Over the last few days we have been busy getting rid of the Scaley power bases and wall warts. I have also connected the track mate relay to control the power at the start of a race and for track calls. We initially only hooked up one lane and tested the timing equipment which is working quite well. In the process we have connected four taps to make sure the power is even at every point on the circuit. With the outside (red) lane hooked up I have been testing some of the cars and their reaction to the increased power. It is interesting to see how different motors from the various manufacturers perform with a decent power supply. So far it seems to me that Ninco and SCX motors have the least improvement while Slot.It, NSR and Scalextric to a point have benefitted the most. Right now I have the power dialed at 12.8v for general use.

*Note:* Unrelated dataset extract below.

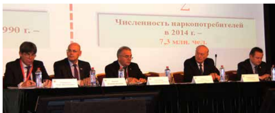
Президиум работы Съезда общественной организации «Российское общество психиатров»

Мероприятие было открыто выступлением Председателя Государственного антинаркотического комитета, директора ФСКН России В.П. Иванова: «В своем выступлении хочу поднять вопрос, точнее проблему, масштабную и наиболее острую – проблему наркомании. Почти 7,5 миллиона наших сограждан с разной степенью регулярности вводят себя в физическое состояние измененного сознания путем потребления психоактивных химических препаратов, а около 3 миллионов делают это ежедневно, по сути, пребывая в бинарном состоянии «эйфория-ломка». Это состояние не оставляет места ни социальной, ни экономической активности. Более того, их состояние повергает в ад, ужас и тяжелейшую жизненную ситуацию их родных и близких, а это уже 30-40 миллионов человек. Обсуждение этой проблемы на Съезде психиатров России представляется не просто актуальным, но и жизненно необходимым. Смее утверждать, что без выработки стратегической позиции психиатрического сообщества национальную систему не построить. Стратегия государственной антинаркотической политики РФ до 2020 года, утвержденная Указом Президента России, определяет два ключевых направления. Первое направление – это сокращение предложения наркотиков путем целенаправленного пресечения их контрабанды, нелегального производства и оборота внутри страны.

I think some cars will run (handle) their best at about 11v. When I turned it down to 10v the cars were generally too slow and about as interesting as watching grass grow. There were exceptions of course. It will probably take several weeks to sort things out and I will take into account things I have read here. And no I am not planning to remove the magnets.


----------



## wheelszk (Jul 8, 2006)

What did you buy for a power supply?


----------



## Modlerbob (Feb 10, 2011)

The power supply is MG Electronics Model No. PS10AD.


----------



## Modlerbob (Feb 10, 2011)

Everything is now wired and all four lanes run with ample power on all sections of the track. The relay for track calls was hooked up so now we can have timed races as well as total lap races. Even though it is rather expensive for home use I recommend the TrackMate lap counting hardware and software in combination with the Professor Motor power buss and driver stations.


----------



## Modlerbob (Feb 10, 2011)

*A milestone has been passed. We had our first group session*

Thusday I brought a friend of mine who has helped me with the final construction details of my 1/32 raceway which I have named DeBary Glen over to have an all day running session. Mostly to iron out things like proper voltage settings for the various manufacturer's cars. Scalextric and SCX have motors that need a full 13+ volts to perform like race cars while Slot.It and Ninco motors only need about 11.5 volts to tear up the track. 1/43rd cars have motors that don't wake up until the power is turned up to over 15 volts.

Anyway we worked on that issue (while doing a lot of driving) for several hours until two more of our friends arrived after they got off from work, For the next two hours or so the four of us ran everything from Slot.It GT cars to Scaley LMPs to Scaley Start GT cars. We really had a ball. Sometimes as much as five minutes of neck and neck four cars zooming around the track. I had more fun with slot cars than I can remember having in a long long time. Regular racing will follow soon


----------